**WHAT THE TASK ASKS**
The lines below from the one with "Modern farmerkabát. Sötét" up to and including the one with "泰拉瑞亚合成表是一款专为同名" are what you should set down, exactly and without pictures.

**SOURCE RECORDS**
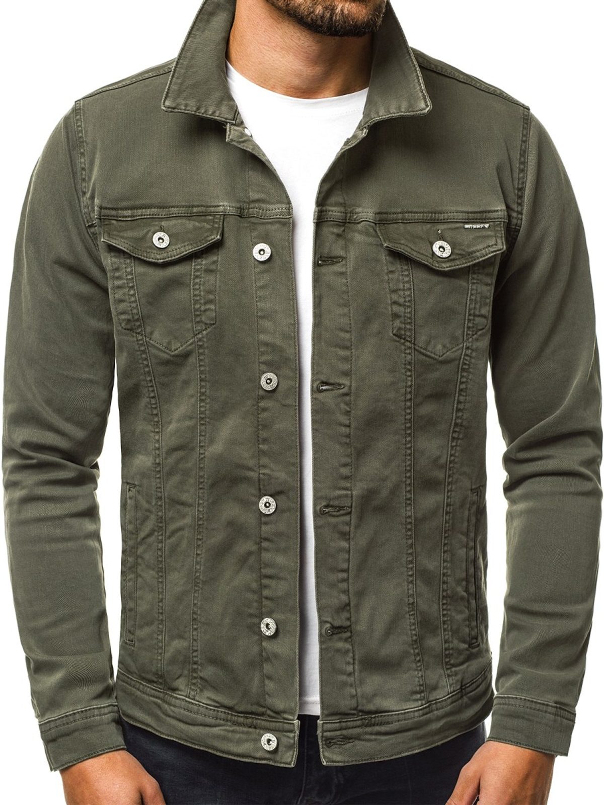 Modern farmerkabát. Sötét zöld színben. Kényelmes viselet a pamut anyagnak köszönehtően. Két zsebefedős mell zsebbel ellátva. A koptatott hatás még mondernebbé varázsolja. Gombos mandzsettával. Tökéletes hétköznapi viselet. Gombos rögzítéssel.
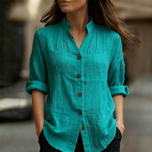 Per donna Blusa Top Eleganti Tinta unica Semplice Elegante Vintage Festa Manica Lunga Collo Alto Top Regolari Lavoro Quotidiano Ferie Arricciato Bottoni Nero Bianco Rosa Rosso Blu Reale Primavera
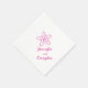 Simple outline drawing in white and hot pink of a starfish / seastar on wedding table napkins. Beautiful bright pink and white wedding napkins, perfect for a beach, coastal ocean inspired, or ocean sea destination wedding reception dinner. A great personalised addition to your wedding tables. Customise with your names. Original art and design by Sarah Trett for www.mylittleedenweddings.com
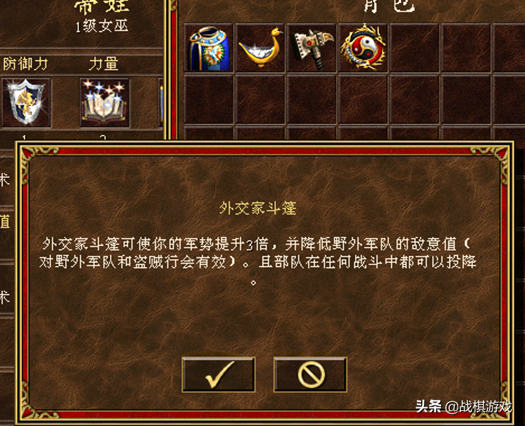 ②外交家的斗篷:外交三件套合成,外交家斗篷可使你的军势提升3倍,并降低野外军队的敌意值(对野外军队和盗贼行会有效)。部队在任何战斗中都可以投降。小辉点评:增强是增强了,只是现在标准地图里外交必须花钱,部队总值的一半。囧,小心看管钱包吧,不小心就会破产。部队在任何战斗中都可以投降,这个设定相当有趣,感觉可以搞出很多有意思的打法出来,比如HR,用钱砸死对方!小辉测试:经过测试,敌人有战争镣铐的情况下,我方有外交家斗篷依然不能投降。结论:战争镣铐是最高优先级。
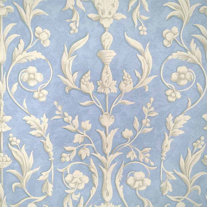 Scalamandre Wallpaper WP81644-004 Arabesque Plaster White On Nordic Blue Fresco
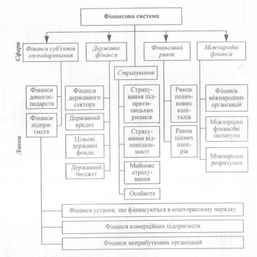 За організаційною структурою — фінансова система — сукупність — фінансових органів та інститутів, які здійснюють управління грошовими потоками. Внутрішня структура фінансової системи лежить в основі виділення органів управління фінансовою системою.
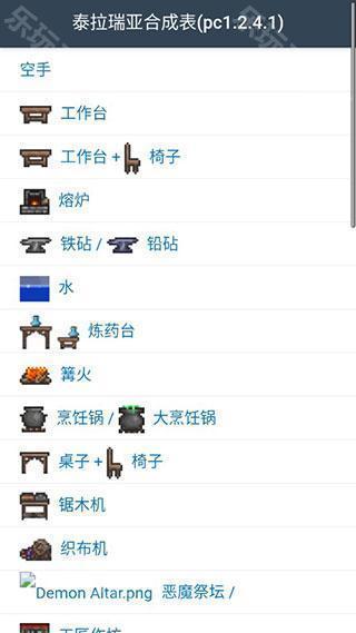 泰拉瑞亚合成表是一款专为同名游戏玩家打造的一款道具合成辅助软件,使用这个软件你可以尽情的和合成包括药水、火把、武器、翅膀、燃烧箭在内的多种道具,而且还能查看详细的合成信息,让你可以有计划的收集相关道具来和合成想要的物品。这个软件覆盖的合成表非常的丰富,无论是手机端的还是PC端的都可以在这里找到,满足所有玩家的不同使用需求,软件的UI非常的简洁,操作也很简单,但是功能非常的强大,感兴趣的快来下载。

...

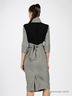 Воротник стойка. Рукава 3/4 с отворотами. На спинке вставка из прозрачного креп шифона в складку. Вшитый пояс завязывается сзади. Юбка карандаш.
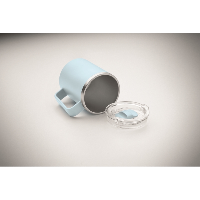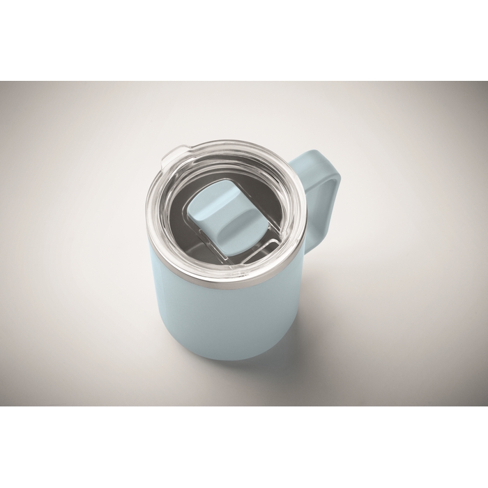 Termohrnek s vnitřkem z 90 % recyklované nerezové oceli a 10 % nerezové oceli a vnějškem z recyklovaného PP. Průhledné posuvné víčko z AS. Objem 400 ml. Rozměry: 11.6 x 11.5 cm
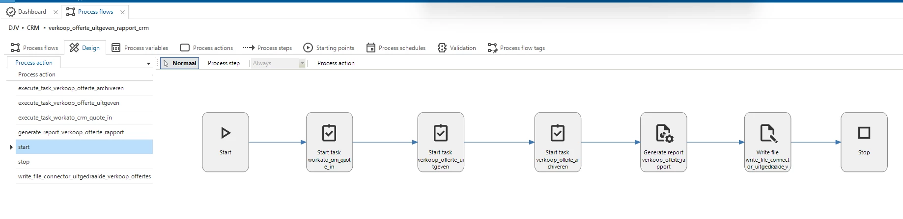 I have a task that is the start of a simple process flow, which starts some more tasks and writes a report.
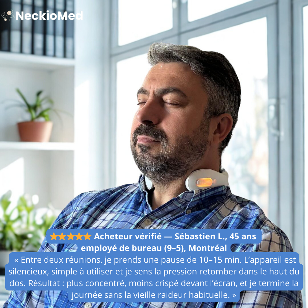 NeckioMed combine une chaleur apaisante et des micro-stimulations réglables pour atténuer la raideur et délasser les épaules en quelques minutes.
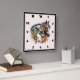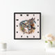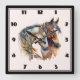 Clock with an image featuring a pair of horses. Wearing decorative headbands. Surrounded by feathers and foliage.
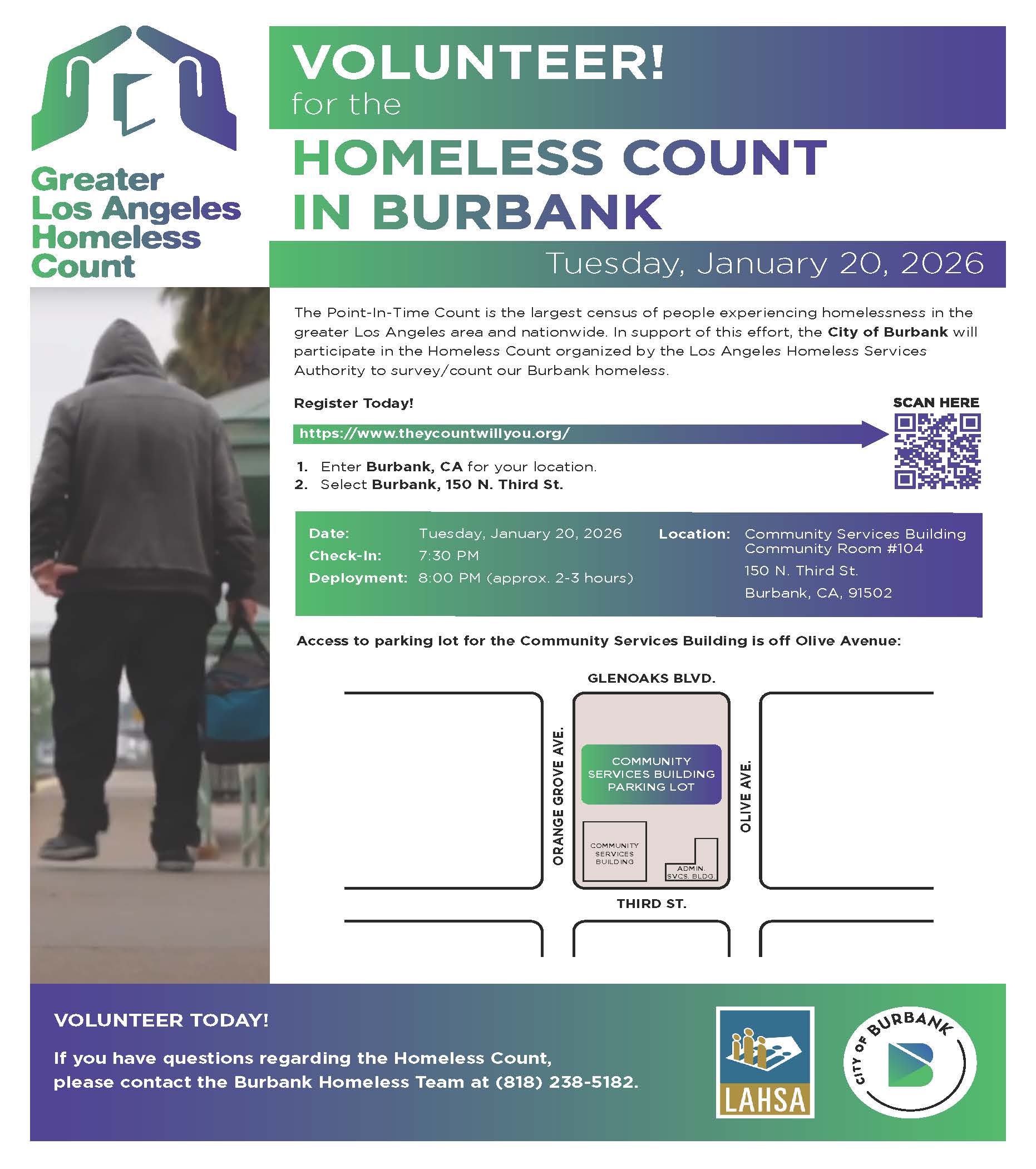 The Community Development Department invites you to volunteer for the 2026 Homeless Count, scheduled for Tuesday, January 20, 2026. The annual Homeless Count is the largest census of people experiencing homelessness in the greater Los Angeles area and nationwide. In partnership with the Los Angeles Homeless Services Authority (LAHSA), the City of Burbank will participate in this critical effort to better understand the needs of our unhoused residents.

**ANSWER BOX**
 Modern farmerkabát. Sötét zöld színben. Kényelmes viselet a pamut anyagnak köszönehtően. Két zsebefedős mell zsebbel ellátva. A koptatott hatás még mondernebbé varázsolja. Gombos mandzsettával. Tökéletes hétköznapi viselet. Gombos rögzítéssel.
 Per donna Blusa Top Eleganti Tinta unica Semplice Elegante Vintage Festa Manica Lunga Collo Alto Top Regolari Lavoro Quotidiano Ferie Arricciato Bottoni Nero Bianco Rosa Rosso Blu Reale Primavera
 Simple outline drawing in white and hot pink of a starfish / seastar on wedding table napkins. Beautiful bright pink and white wedding napkins, perfect for a beach, coastal ocean inspired, or ocean sea destination wedding reception dinner. A great personalised addition to your wedding tables. Customise with your names. Original art and design by Sarah Trett for www.mylittleedenweddings.com
 ②外交家的斗篷:外交三件套合成,外交家斗篷可使你的军势提升3倍,并降低野外军队的敌意值(对野外军队和盗贼行会有效)。部队在任何战斗中都可以投降。小辉点评:增强是增强了,只是现在标准地图里外交必须花钱,部队总值的一半。囧,小心看管钱包吧,不小心就会破产。部队在任何战斗中都可以投降,这个设定相当有趣,感觉可以搞出很多有意思的打法出来,比如HR,用钱砸死对方!小辉测试:经过测试,敌人有战争镣铐的情况下,我方有外交家斗篷依然不能投降。结论:战争镣铐是最高优先级。
 Scalamandre Wallpaper WP81644-004 Arabesque Plaster White On Nordic Blue Fresco
 За організаційною структурою — фінансова система — сукупність — фінансових органів та інститутів, які здійснюють управління грошовими потоками. Внутрішня структура фінансової системи лежить в основі виділення органів управління фінансовою системою.
 泰拉瑞亚合成表是一款专为同名游戏玩家打造的一款道具合成辅助软件,使用这个软件你可以尽情的和合成包括药水、火把、武器、翅膀、燃烧箭在内的多种道具,而且还能查看详细的合成信息,让你可以有计划的收集相关道具来和合成想要的物品。这个软件覆盖的合成表非常的丰富,无论是手机端的还是PC端的都可以在这里找到,满足所有玩家的不同使用需求,软件的UI非常的简洁,操作也很简单,但是功能非常的强大,感兴趣的快来下载。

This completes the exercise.